La tasa de mortalidad en el grupo de pacientes que se sometieron a un complejo de cirugías plásticas es casi 3,5 veces menor que en el grupo de pacientes que no se sometieron a cirugía plástica o se sometieron a ella en una etapa posterior, 12,7% y 42,8%, respectivamente.

La tasa de mortalidad postoperatoria global por infección anaeróbica grave de tejidos blandos, con un foco purulento-necrótico que se extiende sobre un área de más de 500 cm2 , es del 26,7%.

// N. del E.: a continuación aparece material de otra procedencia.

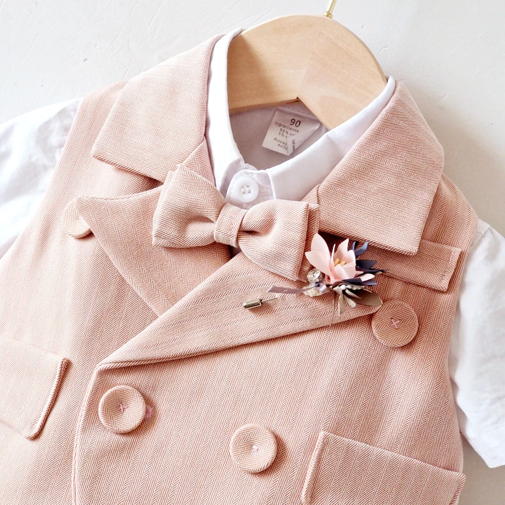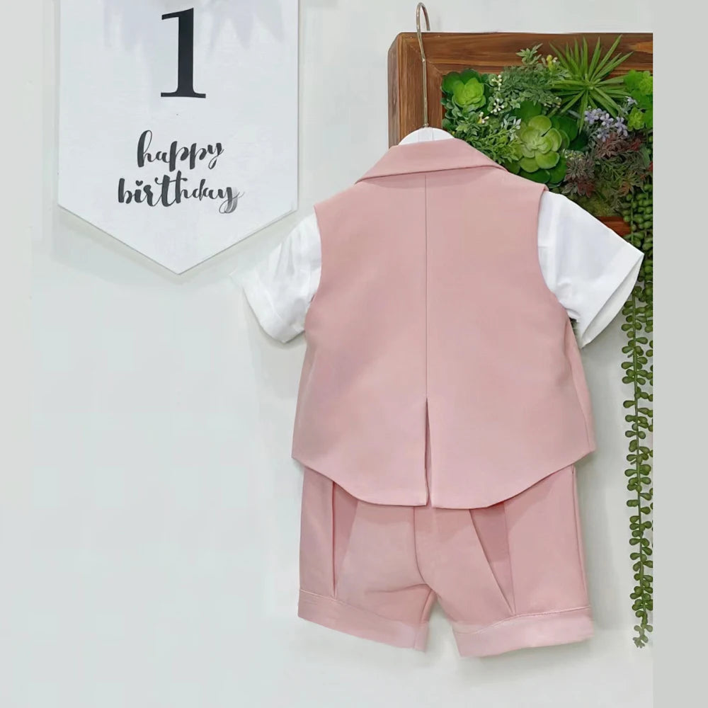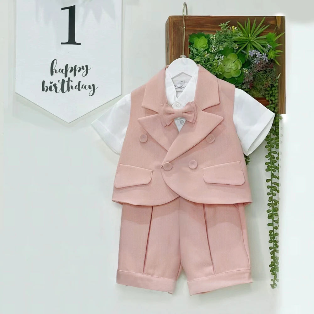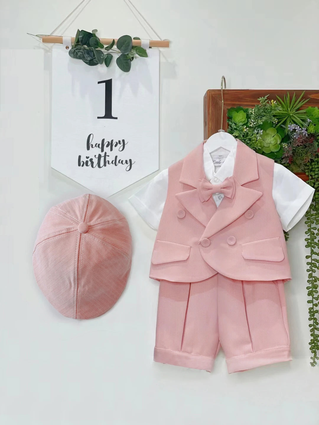 Kids Clothes Pink Boys Suit 3 Piece Vest Short Tiebow +Hat Clothing Set Tuxedo Kids Fashion Custom 1-4 Years Birthday Dress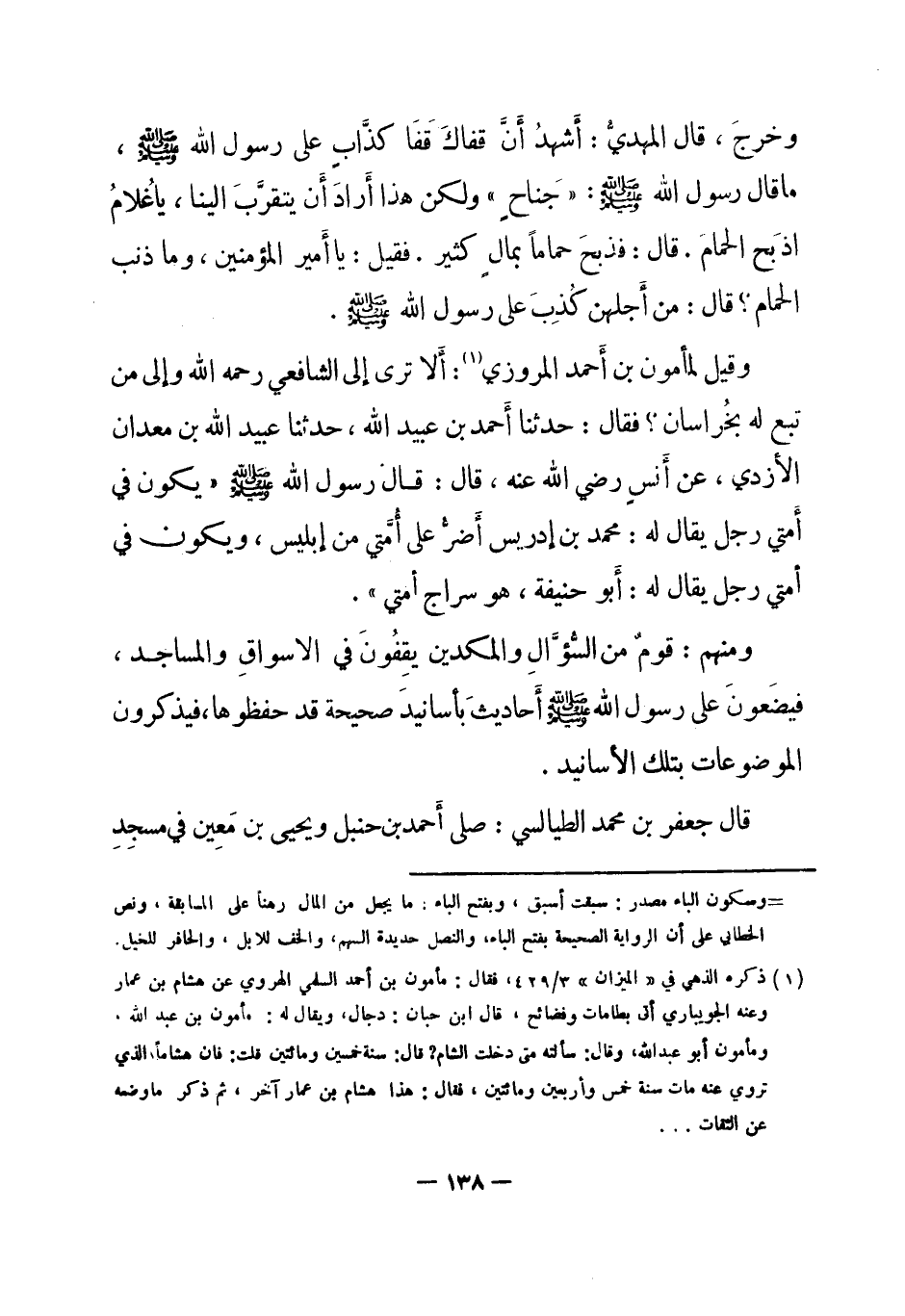 وخرج، قال المهدي: أشهد أن قفاك قفا كذاب على رسول الله - صلى الله عليه وسلم-، ما قال رسول الله - صلى الله عليه وسلم-: «جناح» ولكن هذا أراد أن يتقرب إلينا، يا غلام اذبح الحمام، قال: فذبح حمامًا بمال كثير. فقيل: يا أمير المؤمنين، وما ذنب الحمام؟ قال: من أجلهن كُذب على رسول الله - صلى الله عليه وسلم-.

El conocimiento de las características clínicas de la enfermedad permite al cirujano identificar una enfermedad potencialmente mortal, como la infección anaeróbica, en etapas tempranas y planificar un conjunto de medidas diagnósticas y terapéuticas de respuesta. El tratamiento quirúrgico radical oportuno de un foco purulento-necrótico extenso, la necrectomía repetida en etapas, la cirugía plástica cutánea temprana, en combinación con terapia intensiva multicomponente y un tratamiento antibacteriano adecuado, pueden reducir significativamente la mortalidad y mejorar los resultados del tratamiento.